Oil prices were up just over 1 percent during Wednesday’s Asian trading session after the shutdown of the Buzzard, Britain’s largest North Sea oilfield for repairs. The oilfield pumps approximately 150,000 barrels per day but was temporarily closed on Wednesday after a corroded pipe was found.
U.S. WTI futures were up 1.42 percent as of 2:102 p.m. HK/SIN, to $52.29 per barrel. Brentcrude futures were up 1.38 percent to $61.02 per barrel. Despite the closure of this oilfield, oil prices remain at yearly lows, and OPEC is weighing its next move, which will be announced at its meeting next week. U.S. President Donald Trump has praised the low oil prices, expressing his desire for oil to fall to $50 per barrel. Nevertheless, analysis (and many OPEC leaders) don’t share Trump’s sentiment and are concerned that low oil prices will harm American drillers and create global credit problems.

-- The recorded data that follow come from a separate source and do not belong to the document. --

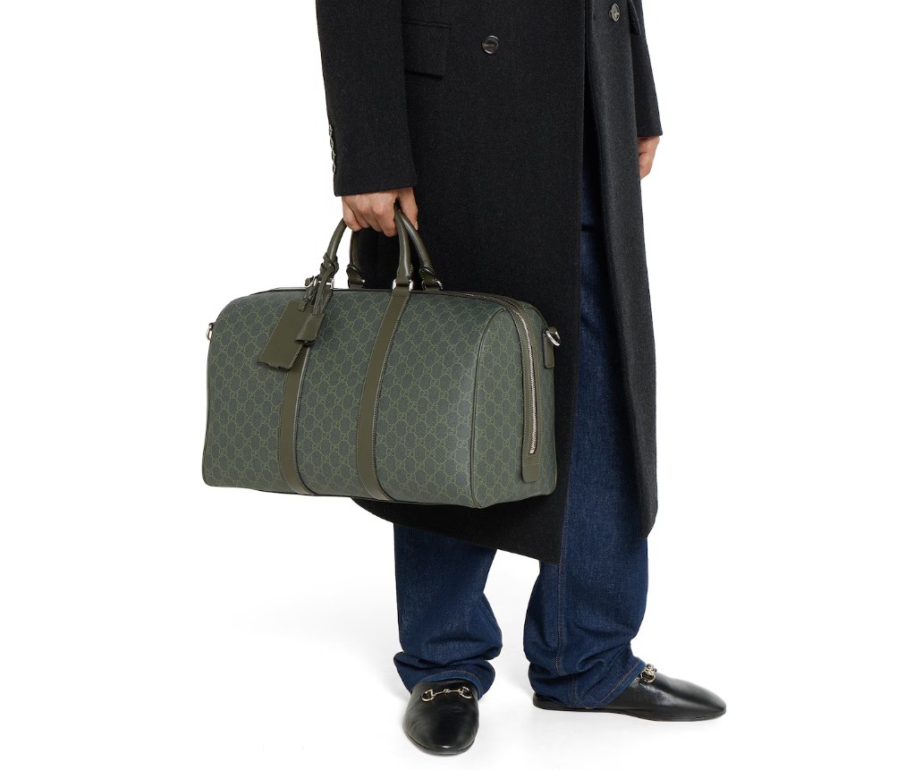 스타일 792074 FAFAI 84892025 가을/겨울 컬렉션에서 선보이는 GG 모노그램 코팅 패브릭은 하우스의 시그니처 모티프 중 하나를 새롭게 재해석한 작품입니다. 미디엄 더플 백에 매치되어 있으며, 톤온톤 가죽 트리밍으로 완성되었습니다.
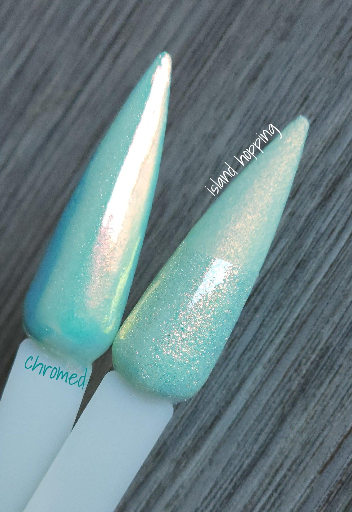color: light green shimmer with blue/gold/pink chameleon pigment.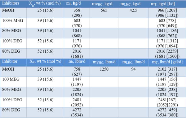 The inhibitors injection rate in parentheses are for the case of excluding condensate entrained liquid water.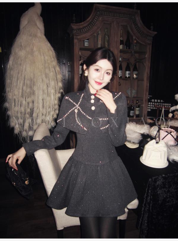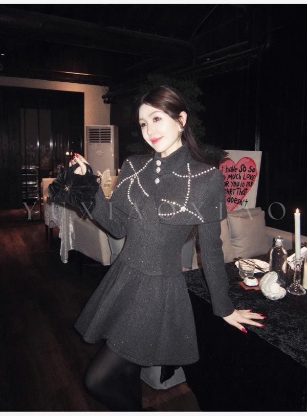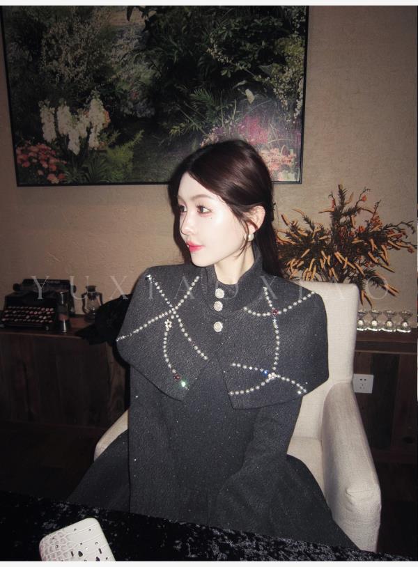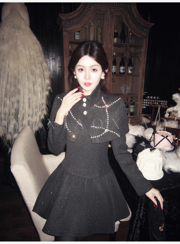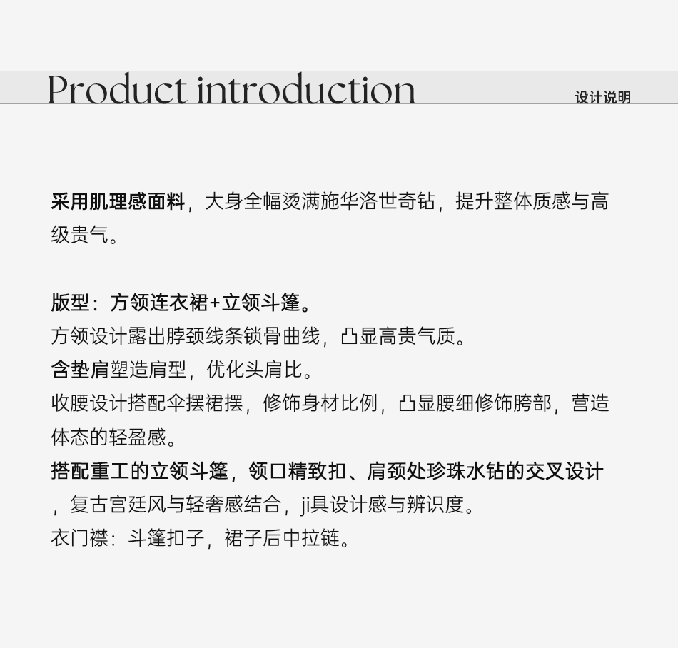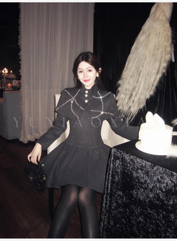 余潇潇【灰天鹅之梦】复古宫廷风珍珠水钻方领连衣裙+立体斗篷套装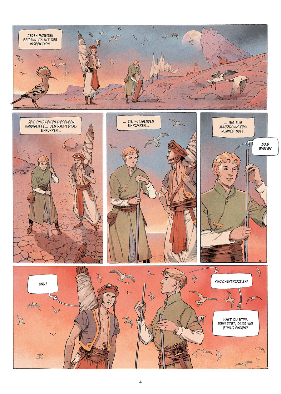 Die Einwohner des Fischerdorfes Goëm sind der Verzweiflung nahe: Zuerst verschwindet der zweite Mond spurlos vom Himmel, und kurz darauf tut das Meer selbst es ihm gleich. Die Bucht von Sprague verwandelt sich zusehends in eine Wüste. Mit dem Wasser verlieren die Menschen auch ihre Lebensgrundlage, und darum entsendet Goëm zwei Expeditionen ins Ungewisse, um die Ursache der Dürre zu finden. Beide kehren nie zurück. Als die Not überwältigend wird, beschließen die Brüder Vivian und Niels, sich ebenfalls auf die Suche zu machen - auf eigene Faust und ohne den Segen des Dorfrates...SF-Routinier Rodolphe (»TER«, »Amazonia«) bleibt seinem Erfolgsrezept treu: »Sprague« ist ein im besten Sinne klassischer Science-Fiction-Oneshot, der von Zeichner Roman Olivier und vor allem dem Koloristen Denis Béchu in traumhafte Bilder gefasst wird.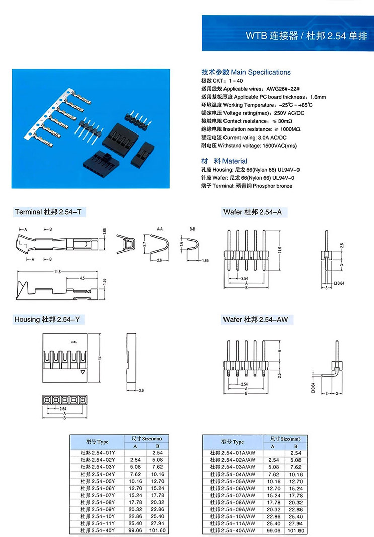 杜邦2.54單排 WTB連接器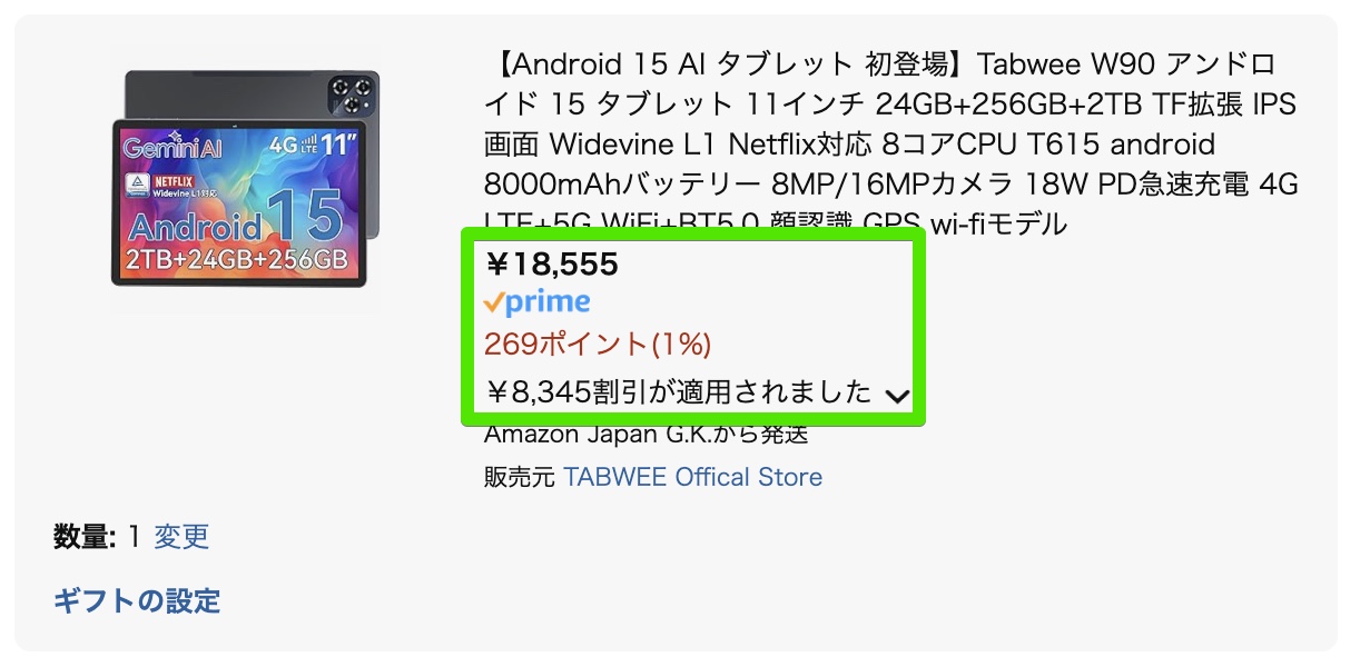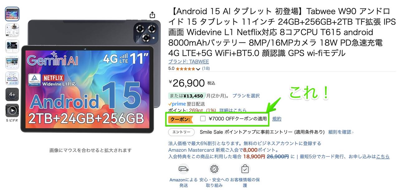 ▼まずはTabwee W90の販売ページへ移動しましょう。①Amazonのクーポン(7,000円オフ)が表示されているので、必ずチェックを入れてからカートに入れてレジに進みましょう。↓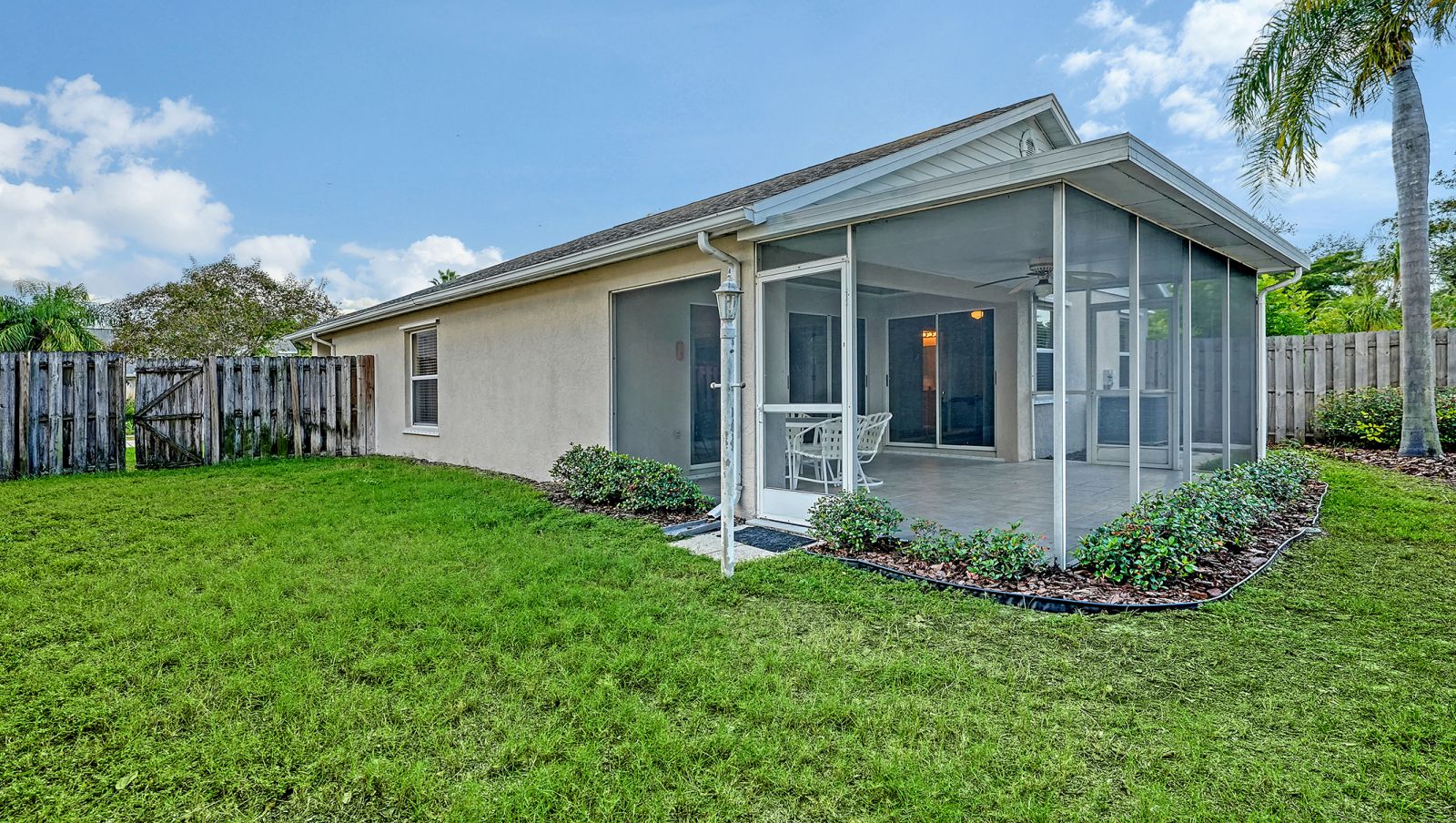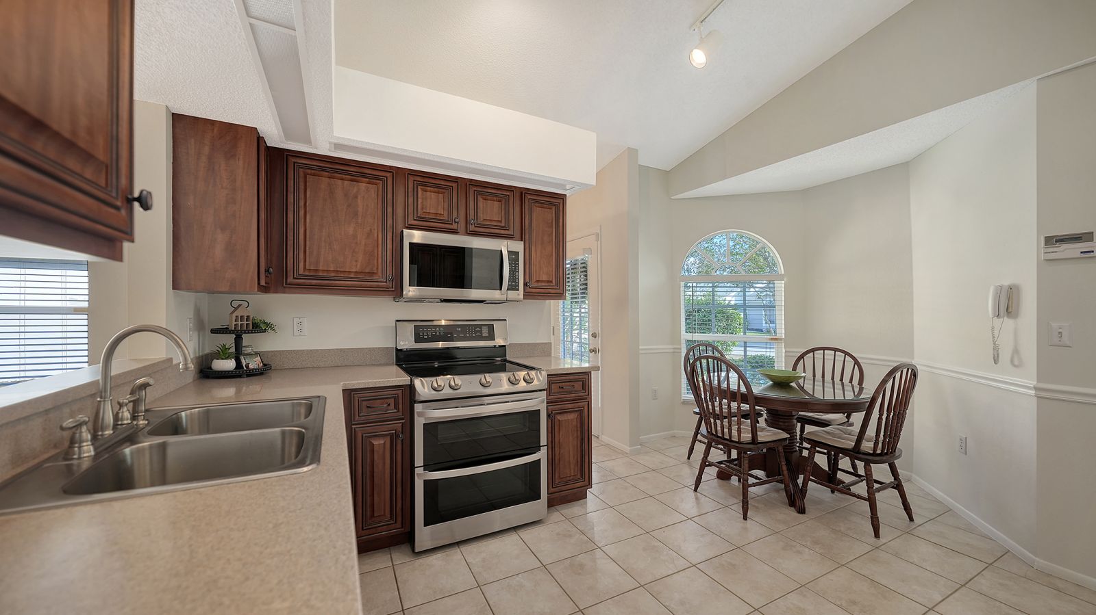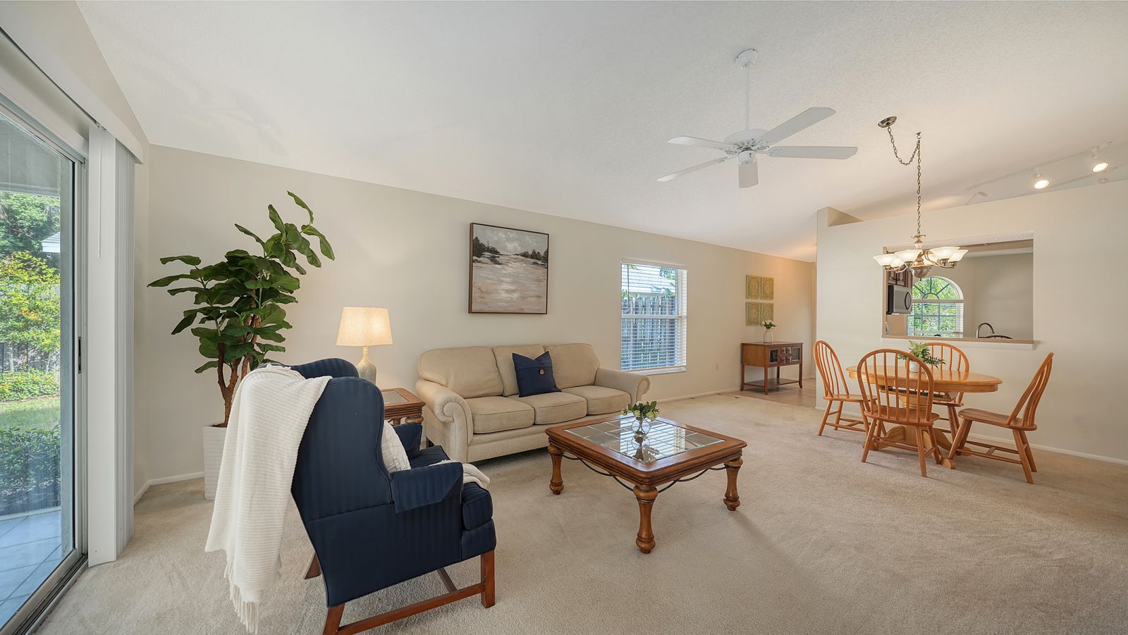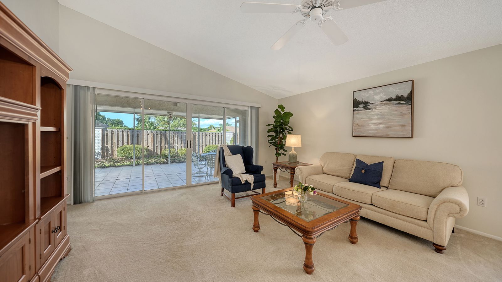 Nestled in the desirable Treetops neighborhood, centrally located to all the best Bradenton and Sarasota have to offer, this charming 3-bedroom, 2-bathroom home offers the perfect blend of comfort, functionality, and convenience. Step into the expansive great room with vaulted ceilings and a wall of glass sliders, flooding the space with natural light and providing seamless access to the large, covered, screened outdoor patio. The adjoining dining area makes entertaining effortless and enjoyable. The kitchen is both stylish and practical, featuring updated cabinetry, stunning corian countertops, and matching, like new stainless steel appliances. A convenient pass-through connects the kitchen to the dining and family room, making it easy to stay engaged with guests or family while preparing meals. An eat-in kitchen nook offers an alternative cozy spot for casual dining. The spacious primary bedroom is designed for relaxation, boasting vaulted ceilings, abundant natural light from another glass slider, also with direct access to the covered patio. The suite includes a large walk-in closet and a private en-suite. Two additional bedrooms provide options to fit one's own lifestyle. One features a standard closet, while the other offers a double French door entry and walk-in closet, ideal for use as a bedroom, office, craft room, den, or workout space to name a few. Enjoy the convenience of an interior laundry closet with a full-size washer and dryer. Outdoors, the rear yard and patio are enclosed with privacy fencing. The entire interior was recently painted, including all trim and ceilings. This home's location is truly unbeatable. Less than 5 miles from I-75 and University Town Center (UTC), offering a wealth of shops and restaurants. Sarasota-Bradenton International Airport is also just 5 miles, while Lido Beach is under 10 miles. The Treetops neighborhood features an HOA that includes a community pool and tennis court, basicinternet service, and No CDD fees. Don't miss this opportunity to make this beautifully maintained, move-in ready home yours.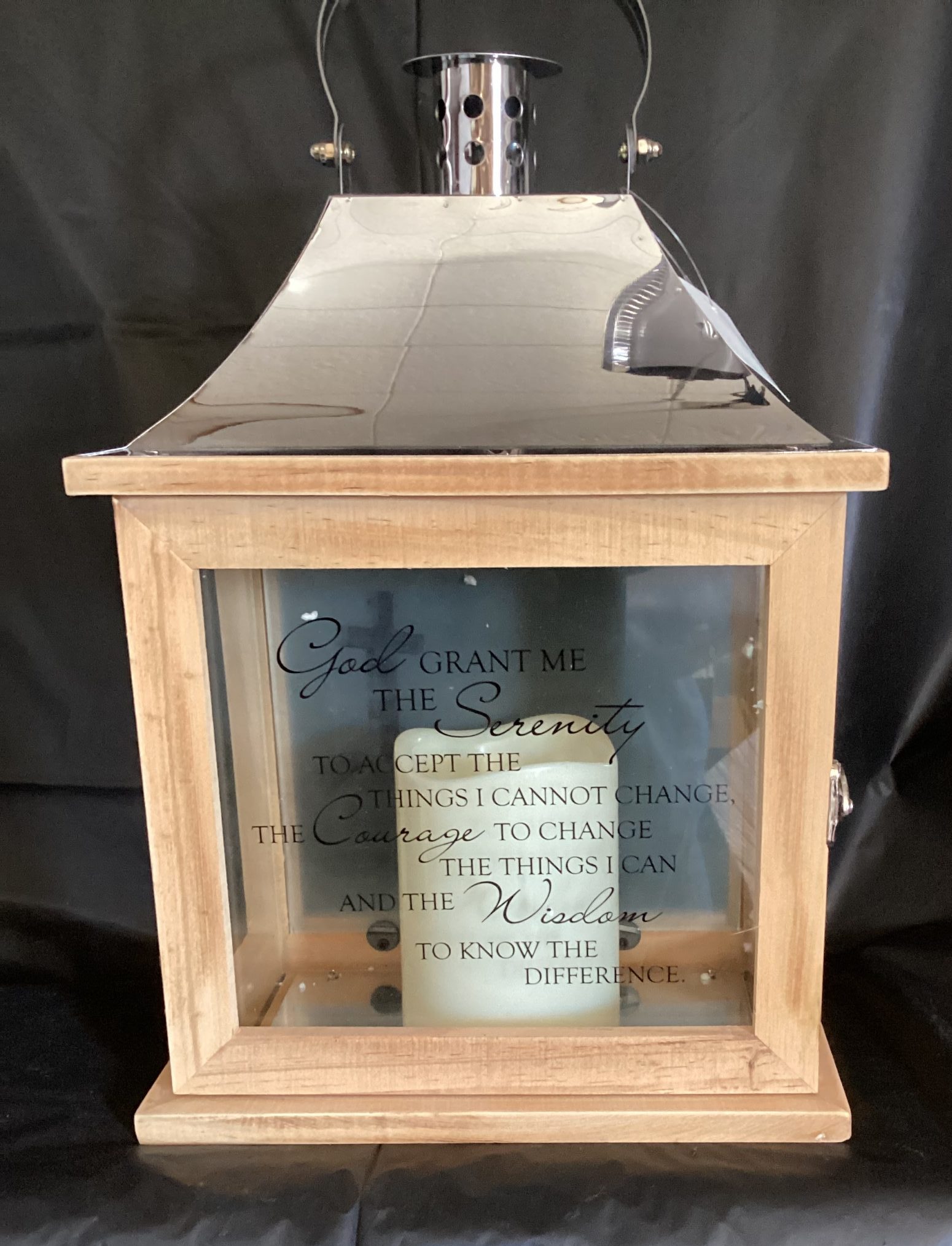Flameless LED Candle Lantern Made from Quality Wood and Stainless-Steel Finish on Top.Built in Automatic Timer, 6 Hours On/18 Hours Off. 3 AAA Batteries Not Included. Suitable for Hanging or use Freestanding. Indoor Use Only. Recommended as an Accent in Floral Arrangements.12 1/2" H x 8 3/4" W x 5 1/4" DGod Grant me the Serenity to Accept the Things I Cannot Change, the Courage to Change the Things I Can and the Wisdom to Know the Difference.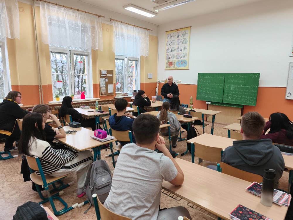 Přednášel Ing. Luděk Frank, který dlouhodobě působil u Policie ČR, převážně u kriminální policie a nyní je učitelem na ZŠ.

OPEC producers had increased output in June after Trump announced sanctions on Iran to begin in November. The sanctions, however, weren’t imposed as strictly as they were expected, with many countries receiving exemptions from the sanctions. The price of oil, therefore, did not has not risen as OPEC would have hoped.
Stock Market Movements
Asian markets were broadly higher on Wednesday, with the Nikkei 225 surging 1.02perent and the Hang Seng Index climbing 1.09 percent. The Shenzhen composite was up 1.30 percent. All major Asian indexes were in the green, though Australia’s ASX 200 was down a modest 0.06 percent. Traders are eagerly anticipating the meeting between President Trump and Chinese President Xi Jinping on Saturday, where they are optimistic that a trade deal could be reached, even though skeptics are concerned that Trump’s expectations remain unachievable, and that failure to come to an agreement will serve only to aggravate matters further.